— AVAILABLE DATA —
■ ■ ■

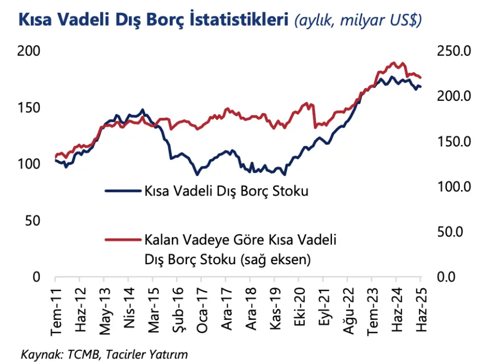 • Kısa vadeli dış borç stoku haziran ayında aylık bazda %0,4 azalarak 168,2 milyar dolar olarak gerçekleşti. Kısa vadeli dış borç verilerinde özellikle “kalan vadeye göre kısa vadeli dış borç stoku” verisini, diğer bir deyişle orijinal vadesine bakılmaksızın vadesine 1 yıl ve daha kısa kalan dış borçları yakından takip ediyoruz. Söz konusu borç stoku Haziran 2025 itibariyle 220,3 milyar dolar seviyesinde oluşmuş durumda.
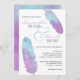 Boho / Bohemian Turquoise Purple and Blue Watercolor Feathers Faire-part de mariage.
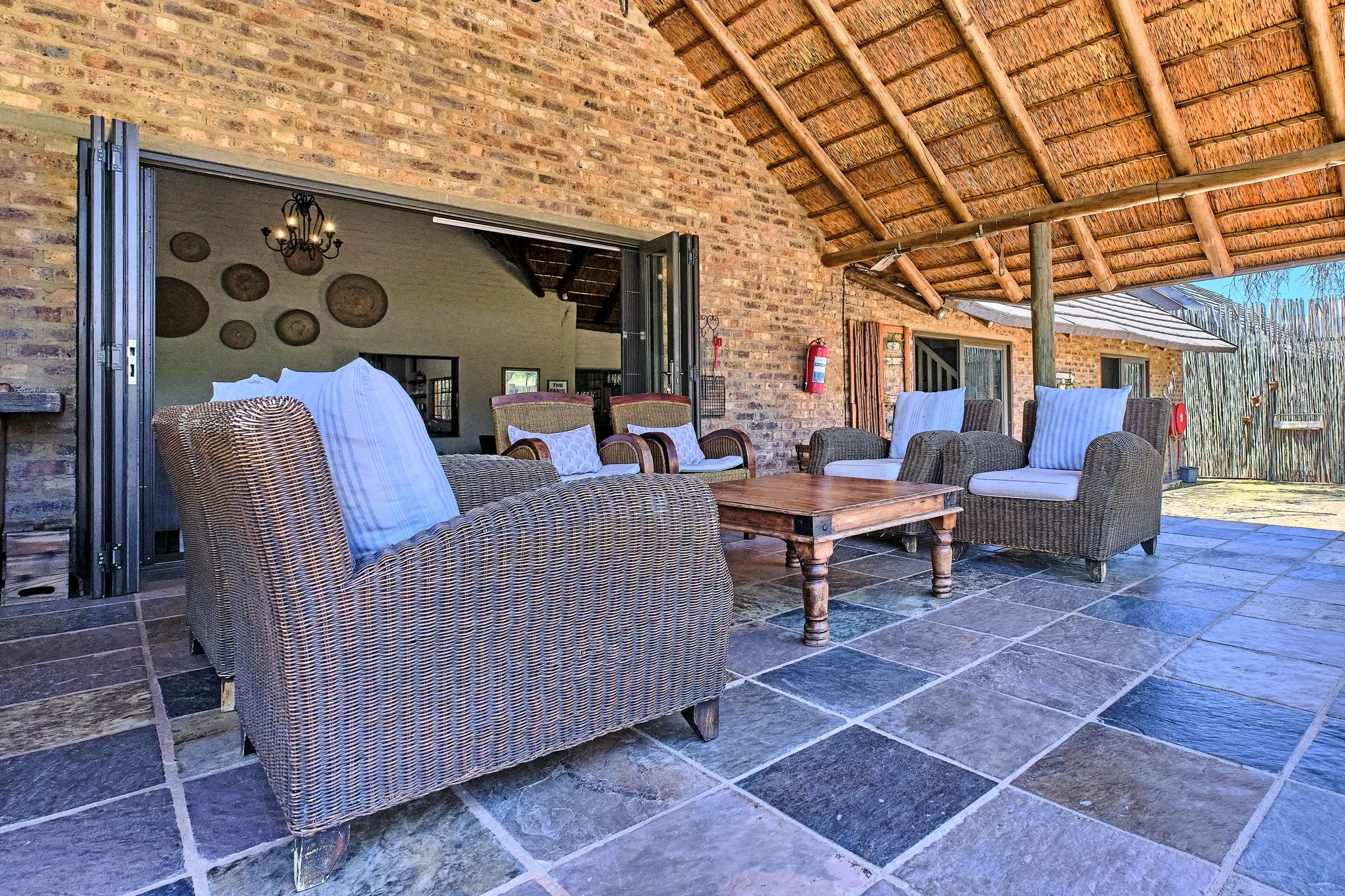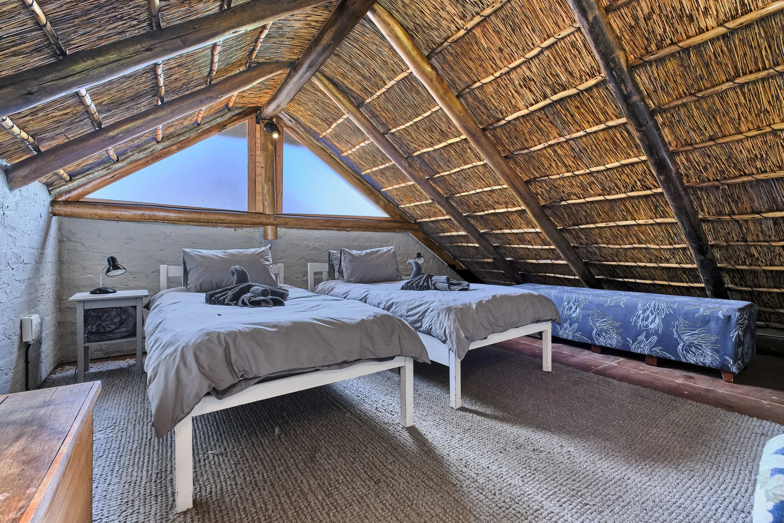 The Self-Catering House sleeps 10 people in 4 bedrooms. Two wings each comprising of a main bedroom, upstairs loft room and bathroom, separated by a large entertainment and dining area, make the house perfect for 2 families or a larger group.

■ ■ ■

— EXERCISE DETAILS —
In the answer, give only the lines from the top of the data above through the line with "Boho / Bohemian", reproduced exactly; no picture may appear.

— ANSWER TO THIS EXERCISE —
 • Kısa vadeli dış borç stoku haziran ayında aylık bazda %0,4 azalarak 168,2 milyar dolar olarak gerçekleşti. Kısa vadeli dış borç verilerinde özellikle “kalan vadeye göre kısa vadeli dış borç stoku” verisini, diğer bir deyişle orijinal vadesine bakılmaksızın vadesine 1 yıl ve daha kısa kalan dış borçları yakından takip ediyoruz. Söz konusu borç stoku Haziran 2025 itibariyle 220,3 milyar dolar seviyesinde oluşmuş durumda.
 Boho / Bohemian Turquoise Purple and Blue Watercolor Feathers Faire-part de mariage.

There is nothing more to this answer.